Ira Winkler - Security Awareness For Dummies

I also learned how to tell when awareness efforts were doomed to failure. More important though, I learned what works and how best to implement awareness programs.

This book shows how to implement the strategy that I found (through decades of experience) actually works. It helps you cut through hype and platitudes and begin doing what actually works. Platitudes and hype sound noble, but they are frequently misleading. Some of what I describe might go against what is considered common practice; however, you must consider that common practice has led to few improvements over decades. With that in mind, consider my perspective and determine what works best for your purposes. No guarantee exists of what will or won’t work in any given situation.

Take this insight into account as you read this book and choose your own path.

To help you choose that path and make the content more accessible, I’ve divided this book into four parts:

Part 1 , “Getting to Know Security Awareness”: An overview of the fundamental concepts and philosophies of security awareness

Part 2 , “Building a Security Awareness Program”: The building blocks of an awareness program

Part 3 , “Putting Your Security Awareness Program into Action”: Creating and implementing your program

Part 4 , “The Part of Tens”: Quick guidance for optimizing your program

The appendix provides a sample assessment questionnaire.

My fundamental assumption is that I have no assumptions except that you are interested in addressing human vulnerabilities. You may be a CISO who wants to get a handle on how to better address the most common attacks against your organization. You may run awareness programs and want to enhance your current efforts. You may have been randomly assigned to run an awareness program and have little idea where to start. Or you may simply be interested in becoming a more well-rounded cybersecurity professional. This book definitely provides a valuable addition to your knowledge base.

Regardless of your role or position in your organization, if you’re interested in addressing human vulnerabilities, you should find value in this book. I hope that you get to apply the information in a practical setting. As I finalize this manuscript, the 2021 Verizon Data Breach Investigations Report (DBIR) has been released, and it again reports that the targeting of users remains the top attack vector. It is my belief that this book can help to address this problem.

Throughout this book, icons in the margins highlight certain types of valuable information that call out for your attention. Here are the icons you encounter and a brief description of each:

The Tip icon marks tips and shortcuts you can use to make creating and running awareness programs easier.

Remember icons mark the information that’s especially important to know. Frequently, paragraphs marked with this icon reiterate information that is presented previously in the book but bears repeating in the current context.

The Technical Stuff icon marks information that is specifically practical in implementing awareness programs. It involves information specific to the execution of programs.

When you see the Warning icon, you know to watch out! This icon marks important information that may save you headaches, or at least let you know when those headaches might pop up (and why).

In addition to the abundance of information and guidance related to creating a security awareness program that we provide in this book, you gain access to even more help and information online at Dummies.com . Check out this book’s online Cheat Sheet. Just go to www.dummies.com and search for security awareness for dummies cheat sheet.

This book follows a certain flow, but — as I identify in the description of the parts of this book, and as I write in the “ Foolish Assumptions” section — you may be anywhere in the process of implementing an awareness program. For that reason, I intend for the chapters to stand alone as much as possible. Part 1of this book covers my philosophies, biases, and experience, which may help you understand the perspective of the advice I provide, but you should be able to start with any chapter that seems most relevant to you.

If you have a functional program running and want to enhance it, I recommend turning to the chapters on gamification (see Chapter 11), running phishing simulations (see Chapter 12), or metrics (see Chapter 8). Otherwise, you can skim the chapters to see which one is the most relevant to your immediate needs. You may prefer, of course, to follow the flow of the book and read from front to back.

Part 1

IN THIS PART …

See what makes security awareness work.

Avoid the pitfalls that cause security awareness programs to fail.

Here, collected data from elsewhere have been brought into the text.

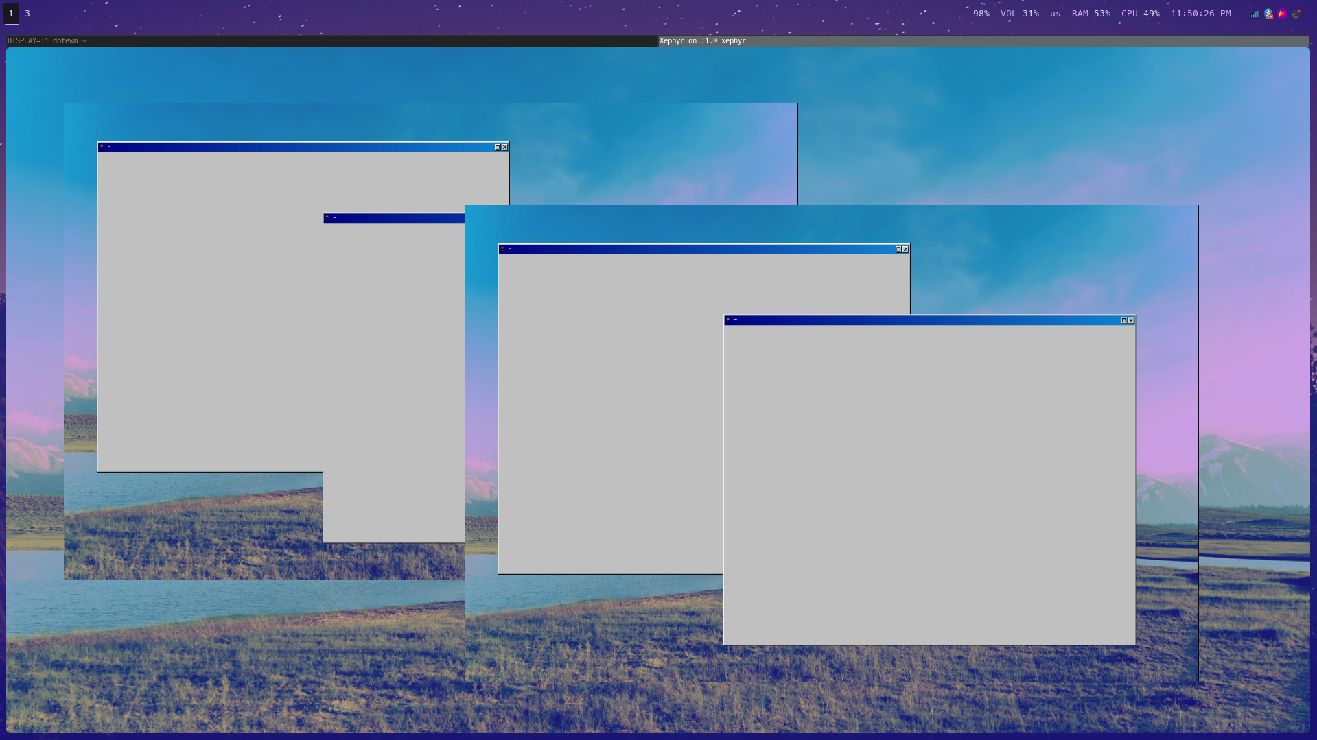 To give credit where credit is due, the window manager is largely based on x-compositing-wm by obiwac then rewritten by hand in C++ with a modern semi error tolerant style. The original project is slightly broken in some areas but it provided a good basis on how X11 can interact with OpenGL.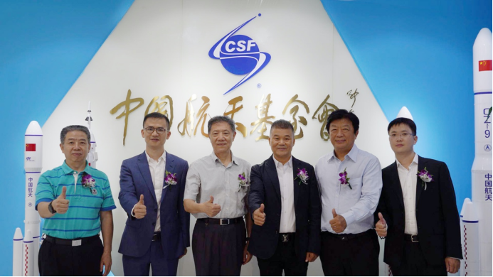 嘉宾从左至右:中国航天基金会副秘书长袁茂富、中国航天基金会理事长吴志坚、中国航天基金会事业发展部部长杨爱民、明月镜片常务副总裁曾哲、明月镜片董事长谢公晚、明月镜片品牌与市场中心总监廖鹏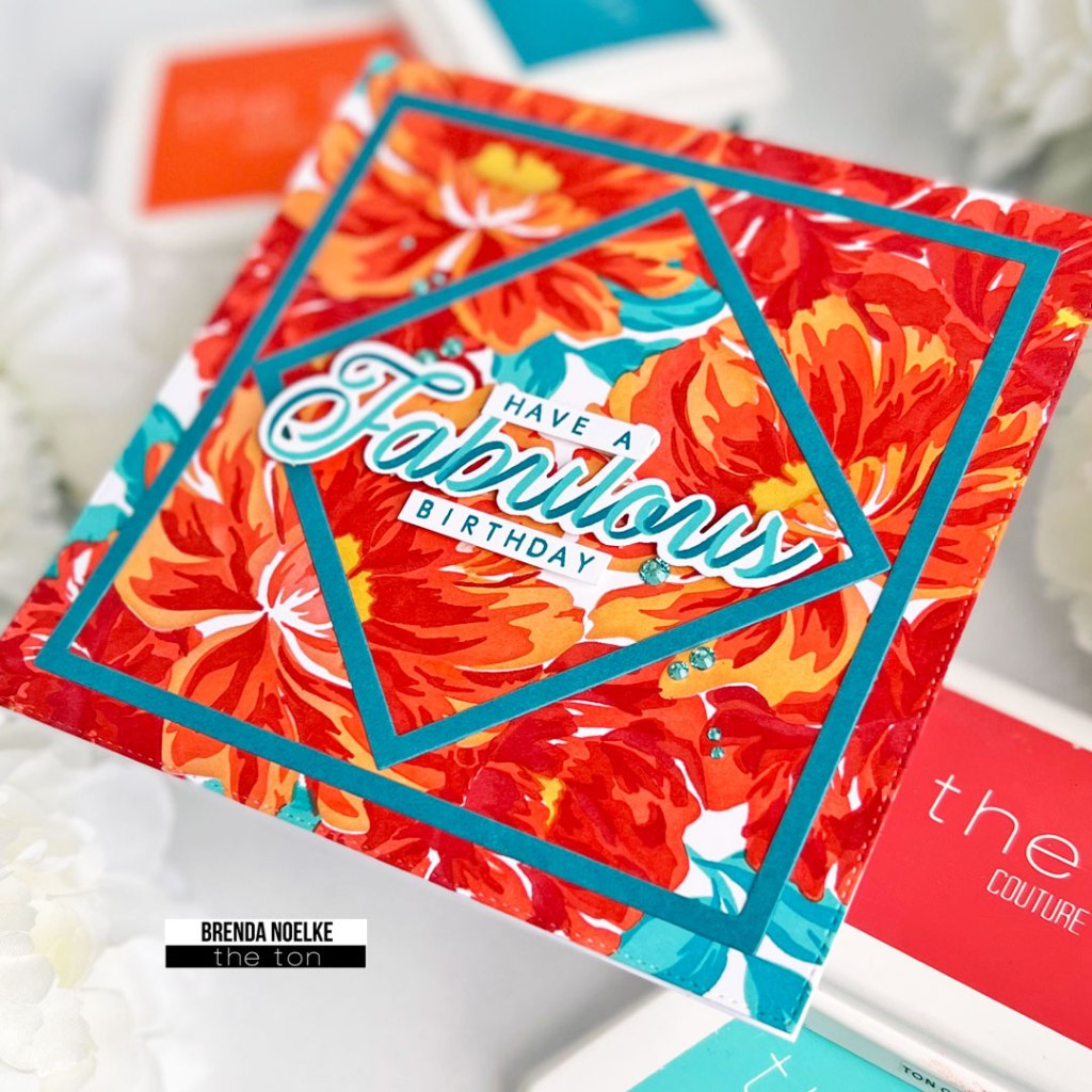 I inked up the blooms in the Gentle Peonies onto Bristol smooth cardstock with Peach Blossom, Coralline, Coral Cavern, Valentine Red, Lemon Drop and Found Topaz inks. For the leaves I used Bright Emerald and Hot Tourmaline. I die-cut the panel with largest die in the Double Stitched Square Nested Die Set.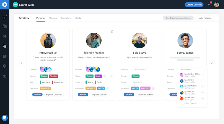 Quickly and easily tag buyer personas, set the buyer journey stage, add themes, topics, products, campaigns and goals.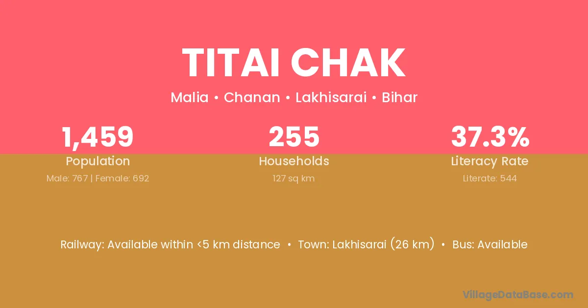 Lakhisarai (26 km) is the nearest town to Titai Chak village for major economic activities and is located approximately 26 km away.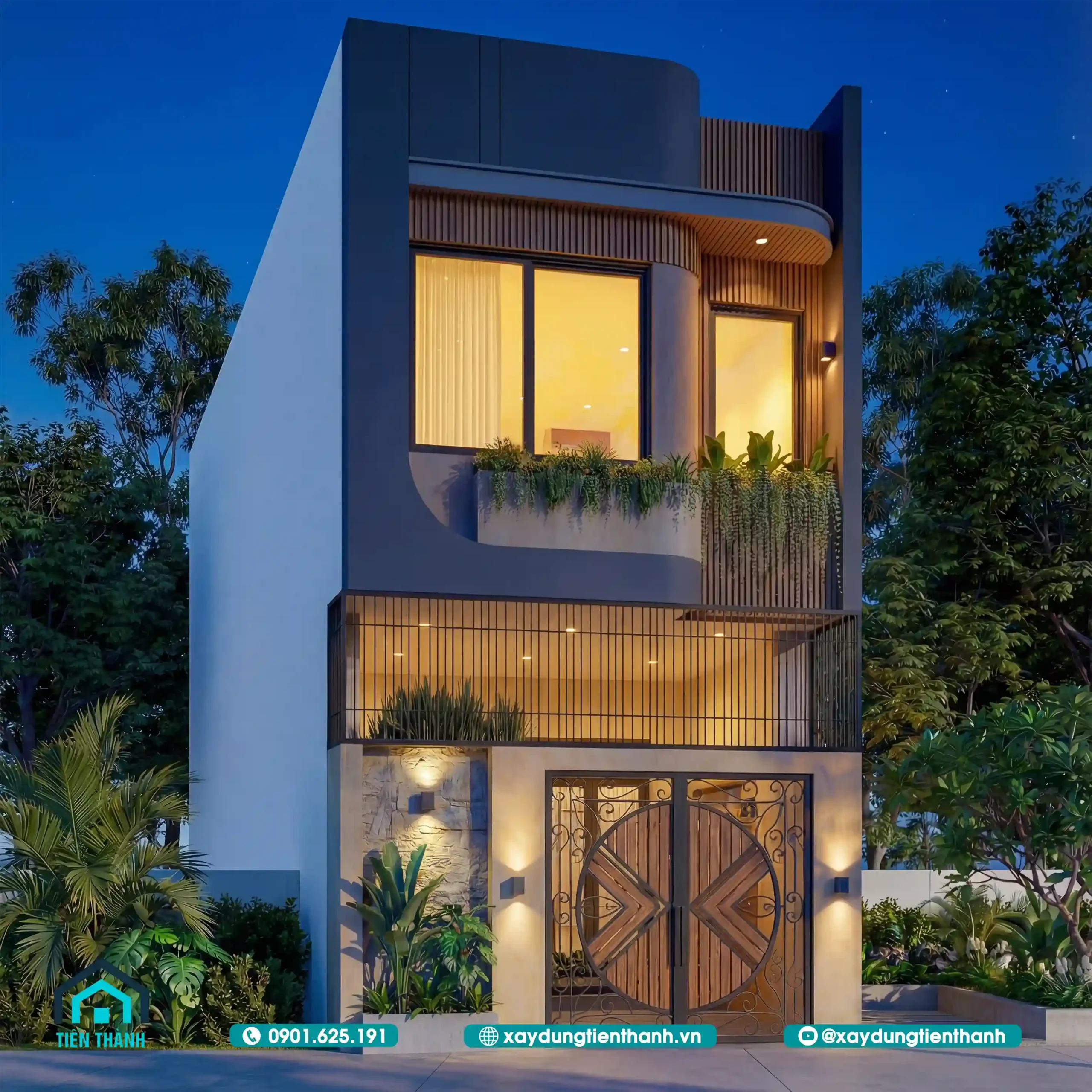 Mẫu nhà 2 tầng 5mx20m với thiết kế bo cong tinh tế và hệ thống cây xanh tích hợp thực sự là không gian sống lý tưởng cho cư dân đô thị hiện đại. Nó không chỉ đáp ứng đủ công năng cho gia đình từ 3-5 thành viên mà còn thể hiện được gu thẩm mỹ độc đáo của gia chủ.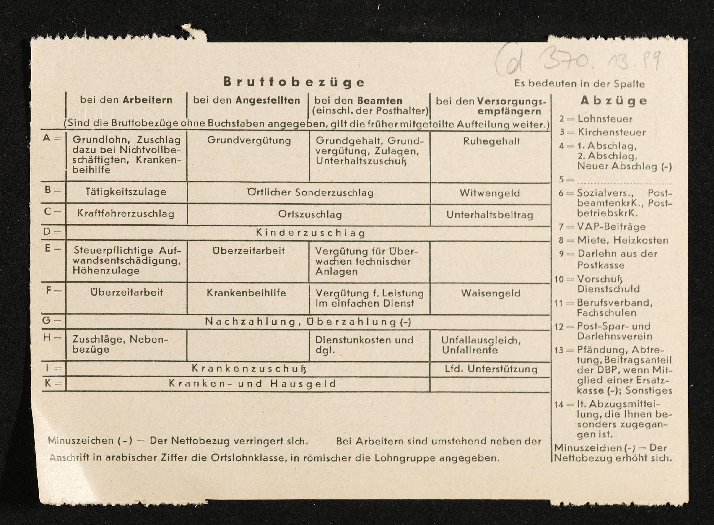 | Beschreibung | Lohnzettel, Postbetriebsassistent Engelbert Pölderl, Oberpostdirektion Stuttgart, Mai 1962 |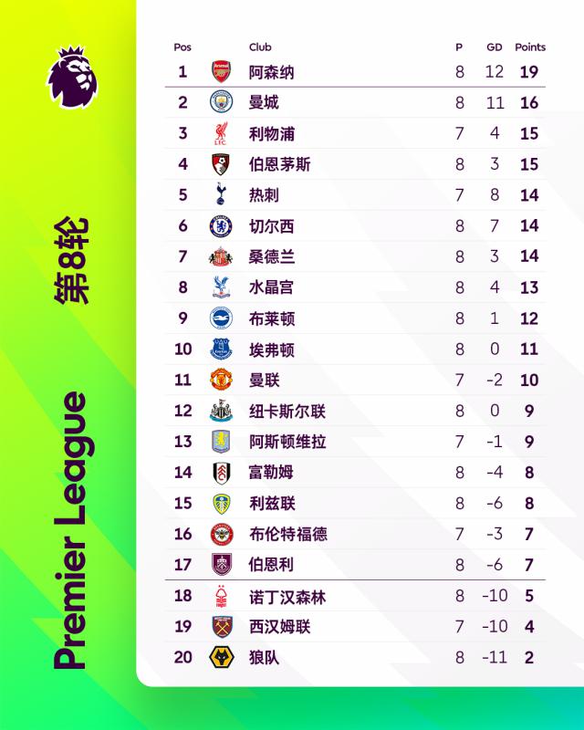 英超第 8 輪 7 場(chǎng)比賽結(jié)束后,阿森納繼續(xù)領(lǐng)跑,曼城升至第二位。

Get the most from what science shows about human behavior.

Chapter 1

IN THIS CHAPTER

Recognizing the importance of security awareness

Working with a security awareness program

Knowing where awareness fits within a security program

Getting why the so-called “human firewall” doesn’t work

A successful security awareness program motivates people to behave according to defined practices that decrease risk. Creating a program that successfully changes behavior throughout an organization involves more than simply communicating a bunch of facts about security awareness. Just because people are aware of a problem doesn’t mean they will act on their awareness. In other words, awareness doesn’t guarantee action. (Everyone knows that fast food isn’t the healthiest choice, but most people still eat it.) This chapter sets the foundation for understanding the issues and the solutions.

The thinking behind security awareness is that if people are aware of a problem, they’re less likely to contribute to the problem — and more likely to respond appropriately when they encounter it.

Users who are aware don’t pick up USB drives on the street and insert them into their work computers. They’re aware of their surroundings and ensure that nobody is looking over their shoulders while they’re working. They don’t connect to insecure Wi-Fi networks. They’re less likely to fall victim to phishing attacks. Essentially, users who are aware don’t initiate losses for their organizations.